- Location within West Kalimantan
- Muara Pawan Location in Kalimantan and Indonesia Muara Pawan Muara Pawan (Indonesia)
- Coordinates: 1°51′S 109°59′E﻿ / ﻿1.850°S 109.983°E
- Province: West Kalimantan

Area
- • Total: 349.0 km^{2} (134.7 sq mi)

Population (mid 2024 estimate)
- • Total: 47,729
- • Density: 136.8/km^{2} (354.2/sq mi)
- Time zone: UTC+7 (WIB)

= Muara Pawan =

Muara Pawan is an administrative district (kecamatan) of Ketapang Regency (Kabupaten Ketapang), one of the regencies of West Kalimantan province on the island of Borneo in Indonesia. It is located on the coast north of the town of Ketapang, at the mouth of the Pawan River.

==Administration==
Muara Pawan District is sub-divided into eight rural villages (desa), all listed below with their areas and populations as of mid 2024, all sharing the postcode of 78810.
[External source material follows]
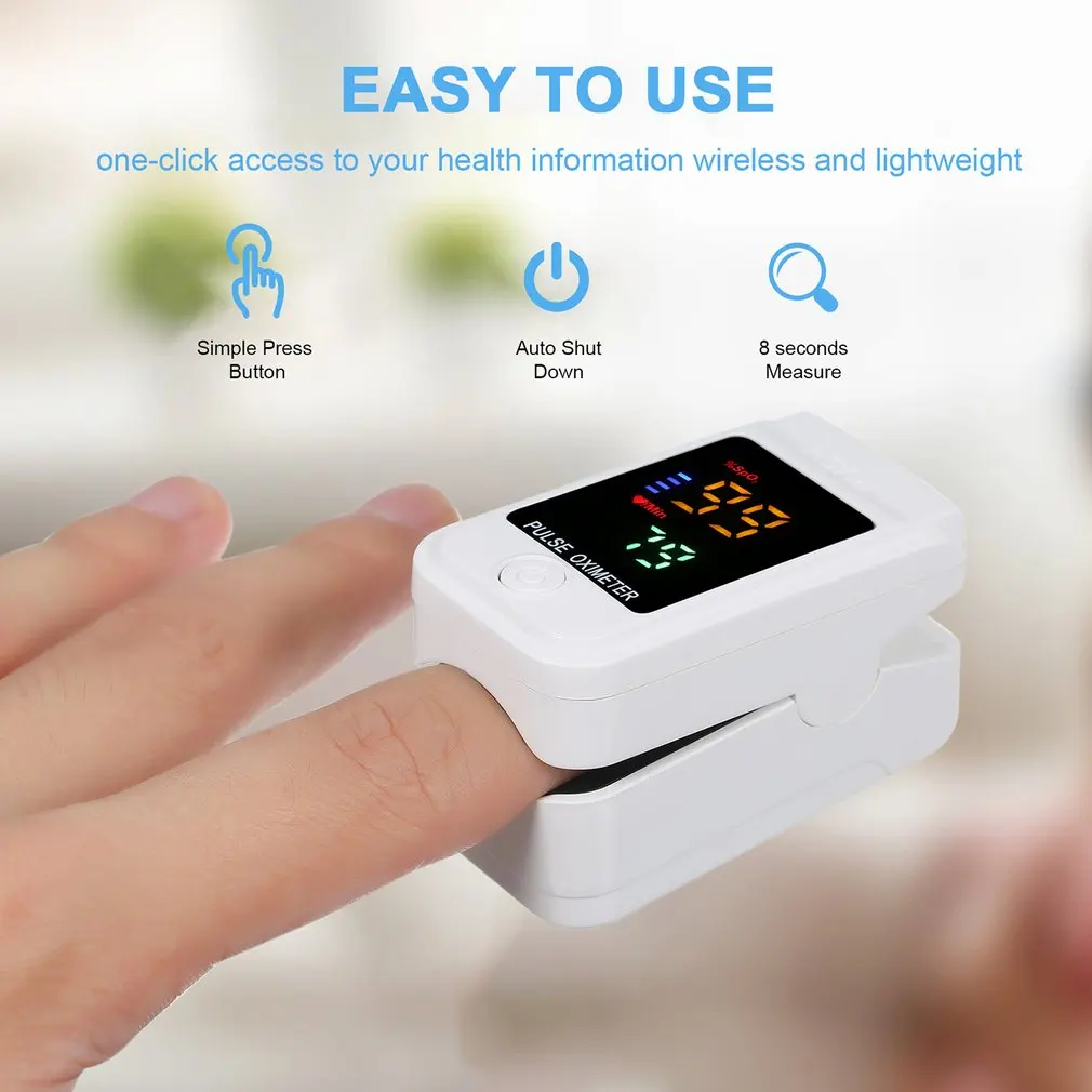 Особенности:1. Подходит для всех возрастов: Этот изысканный дизайн позволяет использовать различные размеры пальцев в любой полости пальца.2. Простота в использовании: саморегулирующийся зажим для пальцев и простая конструкция с одной кнопкой для удобства эксплуатации. Подходит для ежедневного использования, для измерения Вашего здоровья в любое время.3. Портативный и простой в использовании: с легким весом, компактной структурой, его легко носить с собой и использовать дома или на открытом воздухе.4. Измерение одним нажатием кнопки: Наслаждайтесь здоровой жизнью. Перед измерением вставьте палец в оксиметр до конца, а затем нажмите среднюю кнопку, чтобы начать измерение.5. Функция: портативный измерительный прибор в основном завершает Обнаружение значения насыщения кислорода в крови и значения частоты пульса и обеспечивает передовой метод.Описание:Этот оксиметр очень подходит для тестирования скорости SpO2, PI и пульса в спортивных мероприятиях, таких как скалолазание, бег, езда на велосипеде и т. д. последовательные результаты, которые были протестированы и доказаны. Большой цифровой дисплей может быстро получить SpO2 крови, пульс и результаты интенсивности импульса.Характеристики:Тип продукта: Оксиметр кровиМощность: <30 мАМатериал: АБС-пластик + ПоликарбонатДиапазон измерения насыщения кислорода в крови: 70% ~ 99%Точность: ± 2% 70%-99%Дисплей частоты пульса: 30- 240BPM, ± 1% или ± 1BPMАвтоматическое выключение: без вставки пальца, автоматическое выключение на 8 секундРабочая температура: 5-40 ℃Температура хранения: -10-40 ℃Атмосферное давление: 70kPa-106kPaРазмер изделия: 57,8*31,3*35,9 ммИсточник питания: dc.3V(AAA * 2)(не входит в комплект)Посылка включает в себя:1 шт. * оксиметр1 шт. * слинг1 шт. * Руководство пользователя1 шт. * сертификатПримечания:1. Допускается погрешность в 0-1 дюйм из-за ручного измерения. Спасибо за понимание.2. Мониторы не калибруются так же, цвет товара, отображаемый на фотографиях, может немного отличаться от реального объекта.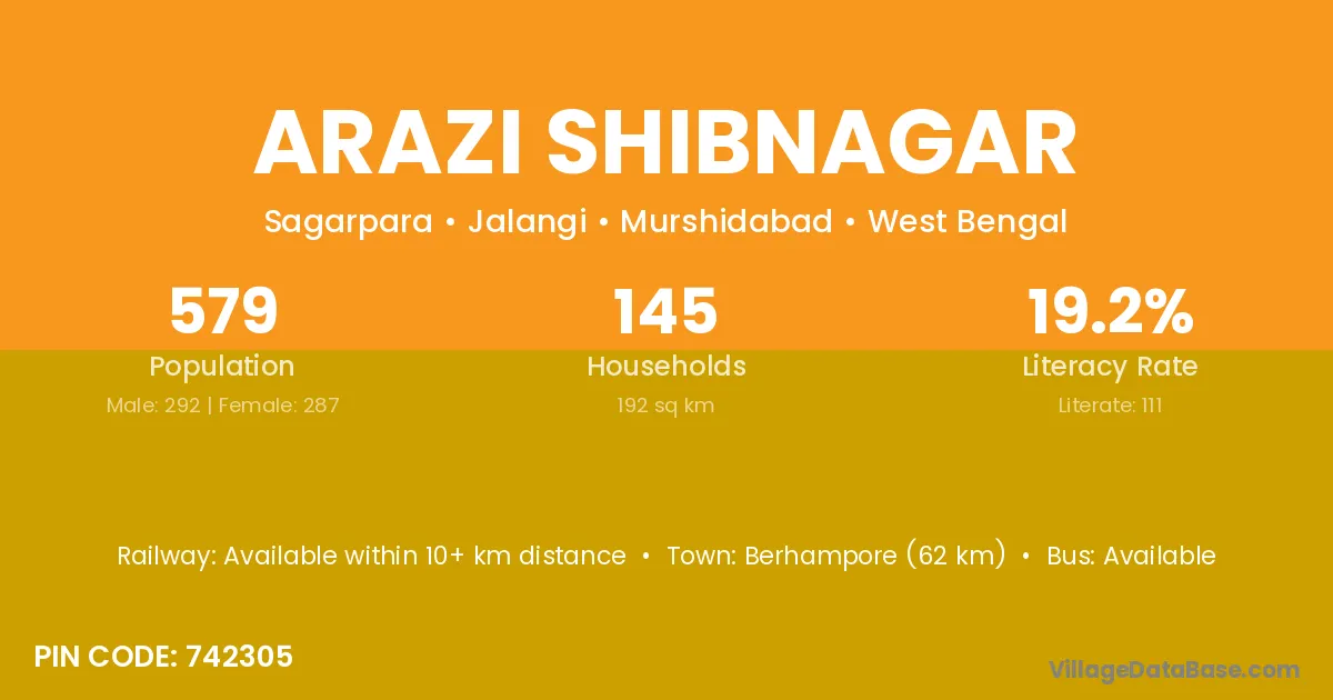 Berhampore (62 km) is the nearest town to Arazi Shibnagar village for major economic activities and is located approximately 62 km away.

| Kode Wilayah | Name of kelurahan or desa | Area in km^{2} | Population mid 2024 estimate |
|---|---|---|---|
| 61.04.17.2001 | Sungai Awan Kanan | 56.85 | 4,504 |
| 61.04.17.2002 | Sungai Awan Kiri | 59.60 | 4,671 |
| 61.04.17.2003 | Tempurukan | 116.36 | 2,755 |
| 61.04.17.2005 | Tanjung Pura | 74.29 | 1,007 |
| 61.04.17.2004 | Ulak Medang | 55.10 | 772 |
| 61.04.17.2006 | Mayak | 77.20 | 1,075 |
| 61.04.17.2007 | Tanjung Pasar | 36.85 | 1,305 |
| 61.04.17.2008 | Suka Maju | 51.02 | 2,542 |
| 61.04.17 | Totals | 527.27 | 18,631 |

==Main sights==
- Gunung Palung National Park, a rainforest park that can be reached from Ketapang town. It was once wholly part of Ketapang Regency, but now only a small part is, the rest in the regency that is named Kayong Utara or North Kayong (created 2007). Kayong is the nickname of Ketapang.

==See also==
- Teochew dialect, a common dialect of Chinese residents in Ketapang Regency.